There are many sets of powered computer speakers out that include an amplified subwoofer. A set I got for 50 bucks sounds awesome and you can adjust the volume of the sub and regular speakers independently. Of course they don'[t compete with $500 studio monitors but in a room/corridor of an indoor haunt they're great. The key is to use amplified (powered) speakers, and get a set with a subwoofer for that low end fill. 

Note I said indoors. I wouldn't recommend them for outside in a yard haunt, that sound will get lost. You'll need some not only more powerful but larger speakers for decent sound outside. Indoors, I think sound should be like lighting -- each room should have its own source. Lotsa smaller speakers scattered throughout gives you better control over sound levels in every part of the haunt and also gives the ability to use selected mixes for each room... so even if the same basic soundtrack is being used throughout, you can have extra appropriate layers in spots where its called for. And then you can use lower volume levels so the haunt can be totally filled with sound but it doesn't have a lot of bleed-over from room to room. The rooms in an indoor haunt tend to be rather small so sound quality is more important that power.


----------



## 5artist5 (Jul 10, 2007)

Mazz said:


> 5artist5.......what link?


Nothing


----------



## 5artist5 (Jul 10, 2007)

Revenant said:


> There are many sets of powered computer speakers out that include an amplified subwoofer. A set I got for 50 bucks sounds awesome and you can adjust the volume of the sub and regular speakers independently. Of course they don'[t compete with $500 studio monitors but in a room/corridor of an indoor haunt they're great. The key is to use amplified (powered) speakers, and get a set with a subwoofer for that low end fill.
> 
> Note I said indoors. I wouldn't recommend them for outside in a yard haunt, that sound will get lost. You'll need some not only more powerful but larger speakers for decent sound outside. Indoors, I think sound should be like lighting -- each room should have its own source. Lotsa smaller speakers scattered throughout gives you better control over sound levels in every part of the haunt and also gives the ability to use selected mixes for each room... so even if the same basic soundtrack is being used throughout, you can have extra appropriate layers in spots where its called for. And then you can use lower volume levels so the haunt can be totally filled with sound but it doesn't have a lot of bleed-over from room to room. The rooms in an indoor haunt tend to be rather small so sound quality is more important that power.

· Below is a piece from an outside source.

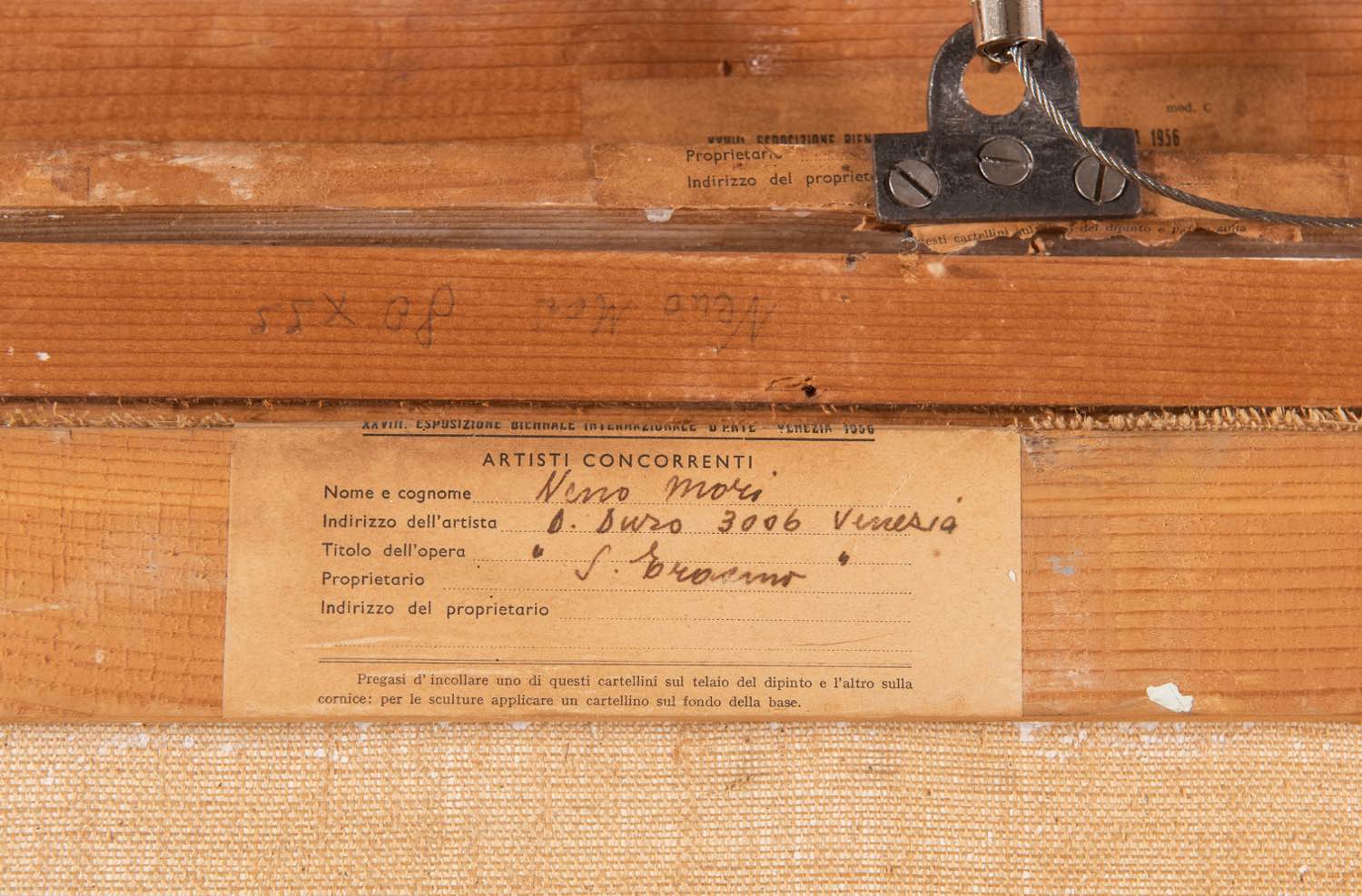 Olio su tela firmato in basso a destra Neno Mori 1956, H cm 56x80 Al retro reca etichette XXVIII Esposizione Biennale Internazionale d’Arte - Venezia, 1956.

I agree totally with everything Revenant said. Lots of small speakers set to a lower volume level rather than fewer speakers at a high volume level is a great idea, provided that there are some subs or some way to low frequencies across. I have been having great luck outdoors with this type of speaker box. You can get them cheap from garage sales etc... Then use a 30 watt amp or so and you are in business.


----------



## bradbaum (Jul 26, 2008)

IMHO Computer speakers are great in a single prop, but not for background haunt music.

TOT13 - look at getting a digital recorder like this one:

http://www.allelectronics.com/make-a-store/item/SAW-3/SAW-3-DIGITAL-VOICE-RECORDER/1.html

then hack it like this:

http://www.getlofi.com/?p=1152

the hack circuitry will allow you to trigger it from a switch mat or other trigger.
The hack circuitry will also allow you to plug your computer speakers into the recorder for playback.


----------



## tot13 (Jul 25, 2007)

Thanks everyone for the suggestions and input. I probably should have mentioned that my haunt is outdoors. I intend to have 5-6 automated props in this one area and hopefully have separate audio for each. I've got 8 of these little (4-1/2" x 7" x 1/2") flat-panel speakers that will fit nicely inside the props.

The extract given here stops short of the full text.